Mentoring Relationships Helps Companies Thrive
Recently, I was asked to speak at a National Conference for Accountants. The topic I was asked to speak on was the importance of the mentoring relationship in the corporate arena. I accepted the assignment and began to gather my thoughts on the topic and do my research. It didn’t take long for me to really understand the major importance of being a mentor and the equal importance of being a mentee.
Last year, a colleague of mine made an interesting observation. They observed that I was constantly mentoring others and sharing my knowledge in an attempt to help others grow and succeed personally and professionally. Although they admired that trait in me, they also commented that they didn’t notice anyone mentoring me. It was then recommended that I find some mentors that were doing so much more and better than me that I might almost feel dumb in their presence. That was an interesting challenge. It’s great to feel like the smartest person in the room, but who wants to feel like the dumbest in the room. Let’s face it, there is plenty that we don’t know. I accepted the challenge.
I identified a couple of business persons that were extremely successful and that I respected. I invited them to separate lunches to start a mentoring relationship primarily by starting a friendship. It was astonishing the information they shared with me over a lunch that I used to grow my business and develop personally. The information was sitting on the top of their head and the tip of their tongue waiting to be shared.
Mentoring is a necessary part of the growth and development of your talent pool in your organization. It’s no surprise that more than 80% of management and senior executive recruits change employers within two years of hire. Mentoring is when a role model, or mentor, offers support to another person. A mentor has knowledge and experience in an area and shares it with the person being mentored. The primary focus of the mentoring relationship is to educate and motivate.

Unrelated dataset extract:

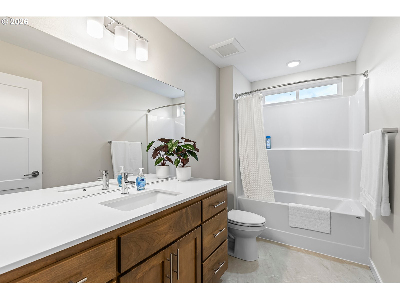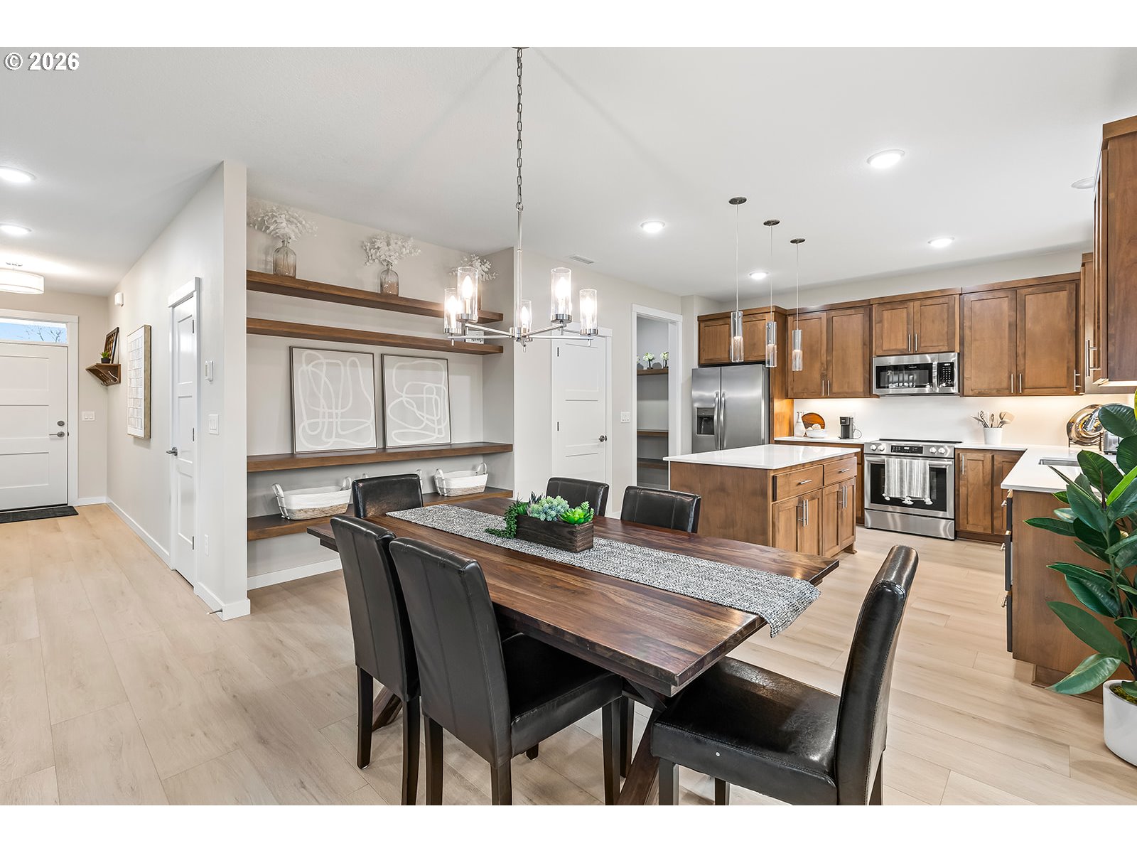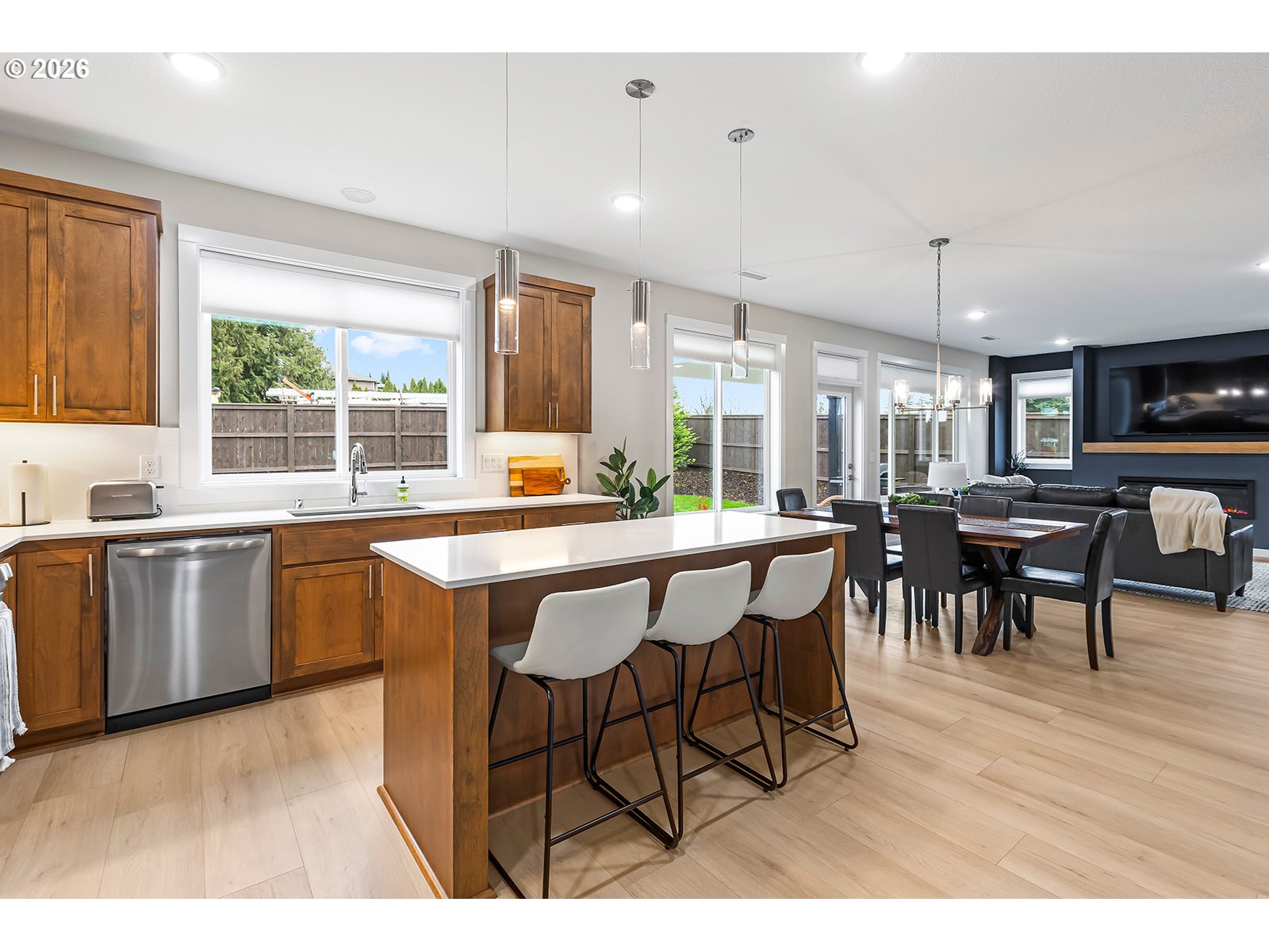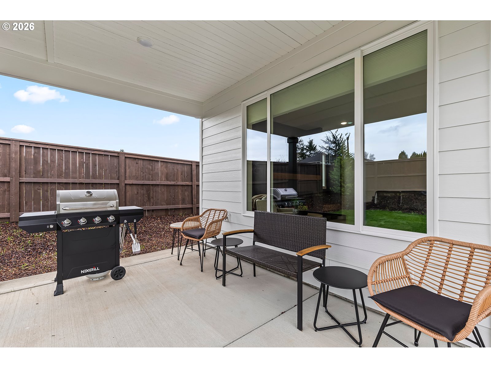 MOVE IN READY NOW in Stevens Glen! COMPLETE WITH FENCE, FRIDGE, WASHER, DRYER AND BLINDS! Ask about our LOW INTEREST RATE options. The new Salvia plan boasts contemporary finishes and a great room flooded with light from the wall of windows. You'll love relaxing in front of the fireplace which features stained Alder shelves on either side...a gorgeous room to spend time in! Custom touches are found throughout including the built-in stained shelves in your dining room which walks out to the huge covered patio for outdoor entertaining all year long...it's 18 ft wide x 12 ft deep! Beautiful custom cabinets and quartz counters throughout. Chef's kitchen features a large island, big walk-in pantry with built-in shelves and special touches like soft-close pull-out trash. You'll stay organized with a convenient home office/den on the main floor with a walk-in closet for extra storage. Upstairs, the primary suite has a big walk-in closet, double sinks in a quartz vanity, stained open linen shelves, and a walk-in shower. Three additional bedrooms share a hall bathroom and close proximity to the laundry room complete with a sink. Add in a mudroom entry from the garage with built-in shelves and coat hooks, and you'll never need to move again! Your large fenced in yard is professionally landscaped with an automatic irrigation system. Enjoy the parklet across the street and the friendly and peaceful surrounding neighborhood. Built with Evergreen Homes' trademark quality, you'll enjoy energy savings from Day 1 while keeping your home at a comfortable temperature all year. Complete with a Trane heat pump efficiently delivering heating and cooling and high-end blown in insulation, plus Milgard windows, you're buying a home built to last.

Developing a mentoring program in your company is an excellent way to transfer knowledge and increase performance among your staff. A recent edition of the Harvard Business Review highlighted this topic in a casestudy. Avnet, Inc., one of the world’s largest distributors of semiconductors, connectors, etc., began a mentoring program. The goal was to enhance talent development as well as succession planning. Mary Ann Miller, is their VP of Talent and Organization Effectiveness. After conducting a global employee survey, Mary Ann found that additional development opportunities was appealing to their staff. She knew that mentoring would be one important component in attracting and retaining the best talent. The following outcomes were identified as a result of the mentoring program:
Reduces learning curve for new hires
- Reduces learning curve for new hires
- Enhances job satisfaction for the mentor and mentee
- Helps reduce turnover
- Builds long-term relationships and mutual respect
Ann also has a mentoring relationship w/ one of the group Presidents, and they meet on a monthly basis. The goal of their meetings is to focus on her overall professional development. Therefore, they try not to talk about day-to-day work issues. Her mentor also provides feedback on his observations of her in meetings or other various settings. The dialogue may even venture into personal topics to assist with personal development as well as professional development.